Give the listing again exactly, skipping any pictures it holds.
*** Dataset extract ***
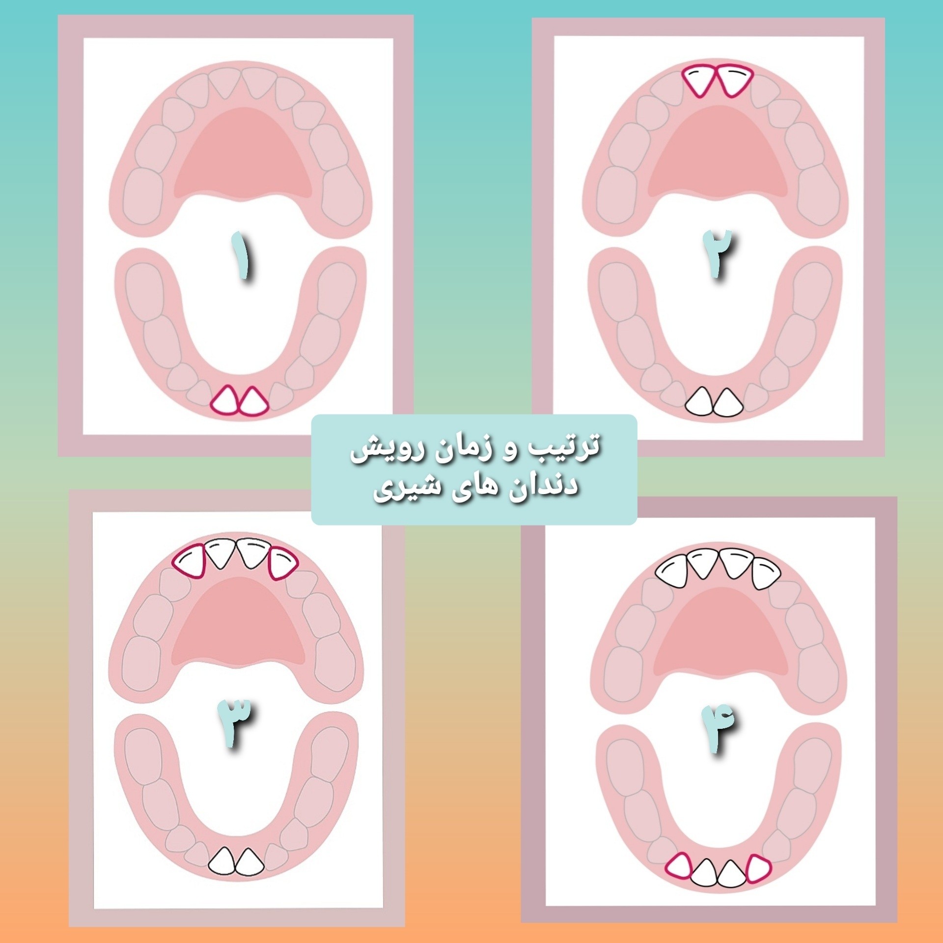 ⏳زمان و ترتیب رویش دندان های شیری (قسمت اول): به طور معمول زمان رویش دندان های شیری از ۶ ماهگی تا حدود ۳ سالگی ست. اما این زمان در همه کودکان یکسان نیست. گرچه اغلب کودکان در بازه نرمال قرار دارند اما در تعداد کمی، سن رویش اولین دندان، قبل از ۶ ماهگی ست و در عده ای تا یک سالگی هنوز دندانی رویش نیافته است. ⚠️نکته مهم: اگر تا ۱۳ ماهگی، هیچ دندانی رویش نیابد، حتما برای بررسی بیشتر باید به متخصص دندانپزشکی اطفال مراجعه شود. 1️⃣ دندان های پیشین فک پایین: 🍭حدود ۶ تا ۱۰ ماهگی 2️⃣ دندان های پیشین فک بالا: 🎈 حدود ۸ تا ۱۳ ماهگی 3️⃣ دندان های پیشین کناری فک بالا: 🍭حدود ۹ تا ۱۳ ماهگی 4️⃣ دندان های پیشین کناری فک پایین: 🎈 حدود ۱۰ تا ۱۶ ماهگی #دندان #دندانپزشکی_کودکان
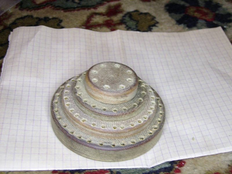 Затем - шлифовальные круги, нарезанные из большого отрезного круга (с помощью обычной трубы с коронкой на торце. Труба зажималась в патрон токарного станка, а отрезной круг прижимался к ней с помощью задней бабки, обороты выставлял небольшие, а давил шустро, чтобы торец трубы не успевал снашиваться).
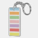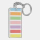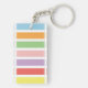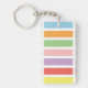 Geometric linear, rectangle, striped pattern of rainbow pastel hues of blue, orange, green, pink, purple, red and yellow.
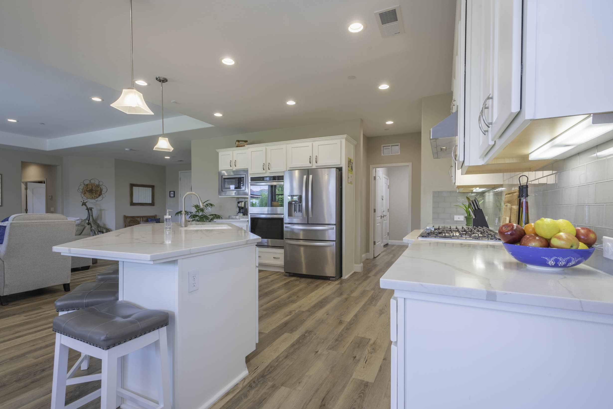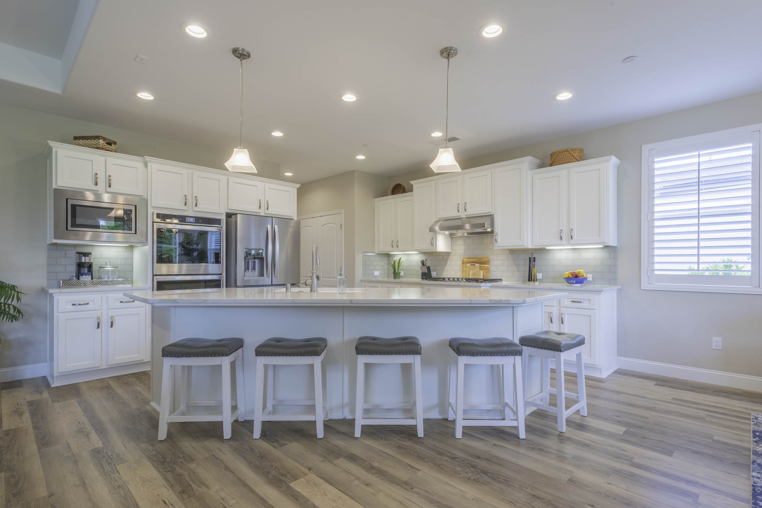 Stunning Wht Quartz Countertops + LVP Flooring + Shuttered windows
*** End of Dataset extract ***
(Answer area)
 ⏳زمان و ترتیب رویش دندان های شیری (قسمت اول): به طور معمول زمان رویش دندان های شیری از ۶ ماهگی تا حدود ۳ سالگی ست. اما این زمان در همه کودکان یکسان نیست. گرچه اغلب کودکان در بازه نرمال قرار دارند اما در تعداد کمی، سن رویش اولین دندان، قبل از ۶ ماهگی ست و در عده ای تا یک سالگی هنوز دندانی رویش نیافته است. ⚠️نکته مهم: اگر تا ۱۳ ماهگی، هیچ دندانی رویش نیابد، حتما برای بررسی بیشتر باید به متخصص دندانپزشکی اطفال مراجعه شود. 1️⃣ دندان های پیشین فک پایین: 🍭حدود ۶ تا ۱۰ ماهگی 2️⃣ دندان های پیشین فک بالا: 🎈 حدود ۸ تا ۱۳ ماهگی 3️⃣ دندان های پیشین کناری فک بالا: 🍭حدود ۹ تا ۱۳ ماهگی 4️⃣ دندان های پیشین کناری فک پایین: 🎈 حدود ۱۰ تا ۱۶ ماهگی #دندان #دندانپزشکی_کودکان
 Затем - шлифовальные круги, нарезанные из большого отрезного круга (с помощью обычной трубы с коронкой на торце. Труба зажималась в патрон токарного станка, а отрезной круг прижимался к ней с помощью задней бабки, обороты выставлял небольшие, а давил шустро, чтобы торец трубы не успевал снашиваться).
 Geometric linear, rectangle, striped pattern of rainbow pastel hues of blue, orange, green, pink, purple, red and yellow.
 Stunning Wht Quartz Countertops + LVP Flooring + Shuttered windows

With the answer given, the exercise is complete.